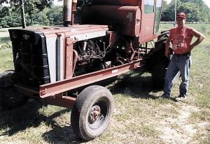 The first step to building the combine mower was to drop the engine down to rest on the frame of the IHC. "The framing had to be moved closer together to support the engine. Then the frame was reinforced by 6-in. steel channel iron," says Bob Smith.
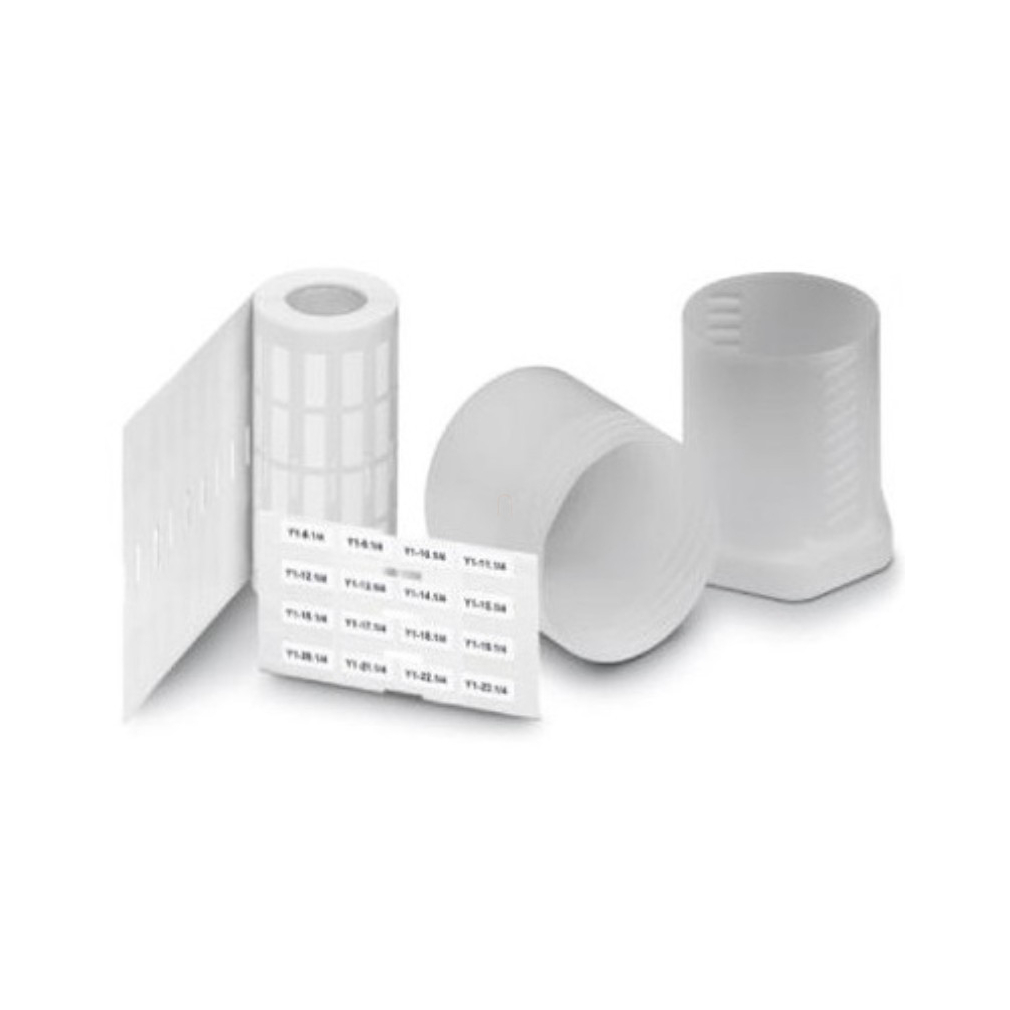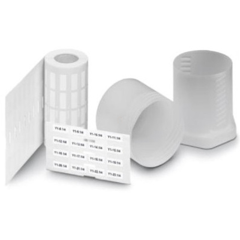 Jelölőcímke, Tekercs, fehér, felirat nélkül, feliratozható a következőkkel: THERMOMARK ROLLMASTER 300/600, THERMOMARK X1.2, THERMOMARK ROLL X1, THERMOMARK ROLL 2.0, THERMOMARK ROLL, szerelési mód: ragasztható, szövegmező mérete: 20 mm x 8 mm
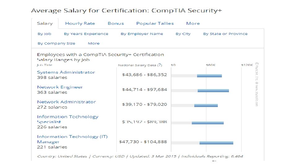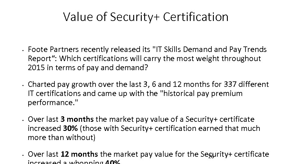 Value of Security+ Certification • • Foote Partners recently released its "IT Skills Demand Pay Trends Report“: Which certifications will carry the most weight throughout 2015 in terms of pay and demand? Charted pay growth over the last 3, 6 and 12 months for 337 different IT certifications and came up with the "historical pay premium performance. " Over last 3 months the market pay value of a Security+ certificate increased 30% (those with Security+ certification earned that much more than without) Over last 12 months the market pay value for the Security+ certificate 26
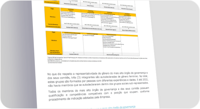 1.9.1 Abaixo o detalhamento da composição destes órgãos: No que diz respeito a representatividade de gênero do mais alto órgão de governança e dos seus comitês, três (3) integrantes são autodeclaradas de gênero feminino. No total, estes grupos são formados por pessoas com diferentes experiências e idades. E até 2022, não havia membros que se autodeclararam dentro dos grupos sociais sub-representados. Todos os membros do mais alto órgão de governança e dos seus comitês possuem qualificação e competências compatíveis com a posição que ocupam٫ conforme procedimento de indicação adotados pela Empresa. 1.10 GRI-2-10 Nomeação e seleção para o mais alto órgão de governança A Positivo Tecnologia S.A. possui uma Política de Indicação de Membros da Administração aprovada pelo Conselho de Administração em 25/04/2022 e disponível no site de Relacionamento com Investidores da Empresa. https://ri.positivotecnologia.com.br/governanca-corporativa/estatuto-politicas-e- regimentos/ Relatório Referenciado GRI | 2022 10
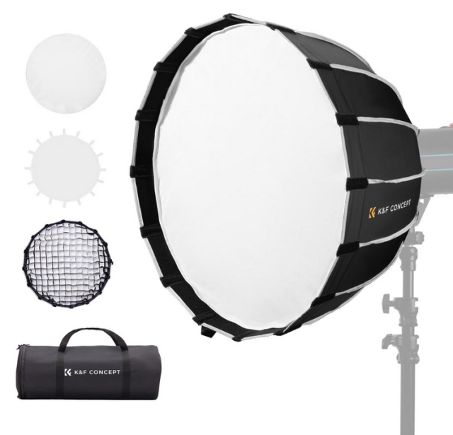 El softbox de montaje rápido K&F 60 cm 16 con montura Bowens es un accesorio imprescindible para fotógrafos y videógrafos que desean lograr resultados de iluminación profesionales. Esta caja de luz parabólica hexagonal está diseñada para proporcionar una excelente difusión y control de la luz, garantizando una iluminación hermosa y uniforme de tus sujetos.

Your goal: An exact, image-free transcript of the material is required.

Output of the exercise:
 The first step to building the combine mower was to drop the engine down to rest on the frame of the IHC. "The framing had to be moved closer together to support the engine. Then the frame was reinforced by 6-in. steel channel iron," says Bob Smith.
 Jelölőcímke, Tekercs, fehér, felirat nélkül, feliratozható a következőkkel: THERMOMARK ROLLMASTER 300/600, THERMOMARK X1.2, THERMOMARK ROLL X1, THERMOMARK ROLL 2.0, THERMOMARK ROLL, szerelési mód: ragasztható, szövegmező mérete: 20 mm x 8 mm
 Value of Security+ Certification • • Foote Partners recently released its "IT Skills Demand Pay Trends Report“: Which certifications will carry the most weight throughout 2015 in terms of pay and demand? Charted pay growth over the last 3, 6 and 12 months for 337 different IT certifications and came up with the "historical pay premium performance. " Over last 3 months the market pay value of a Security+ certificate increased 30% (those with Security+ certification earned that much more than without) Over last 12 months the market pay value for the Security+ certificate 26
 1.9.1 Abaixo o detalhamento da composição destes órgãos: No que diz respeito a representatividade de gênero do mais alto órgão de governança e dos seus comitês, três (3) integrantes são autodeclaradas de gênero feminino. No total, estes grupos são formados por pessoas com diferentes experiências e idades. E até 2022, não havia membros que se autodeclararam dentro dos grupos sociais sub-representados. Todos os membros do mais alto órgão de governança e dos seus comitês possuem qualificação e competências compatíveis com a posição que ocupam٫ conforme procedimento de indicação adotados pela Empresa. 1.10 GRI-2-10 Nomeação e seleção para o mais alto órgão de governança A Positivo Tecnologia S.A. possui uma Política de Indicação de Membros da Administração aprovada pelo Conselho de Administração em 25/04/2022 e disponível no site de Relacionamento com Investidores da Empresa. https://ri.positivotecnologia.com.br/governanca-corporativa/estatuto-politicas-e- regimentos/ Relatório Referenciado GRI | 2022 10
 El softbox de montaje rápido K&F 60 cm 16 con montura Bowens es un accesorio imprescindible para fotógrafos y videógrafos que desean lograr resultados de iluminación profesionales. Esta caja de luz parabólica hexagonal está diseñada para proporcionar una excelente difusión y control de la luz, garantizando una iluminación hermosa y uniforme de tus sujetos.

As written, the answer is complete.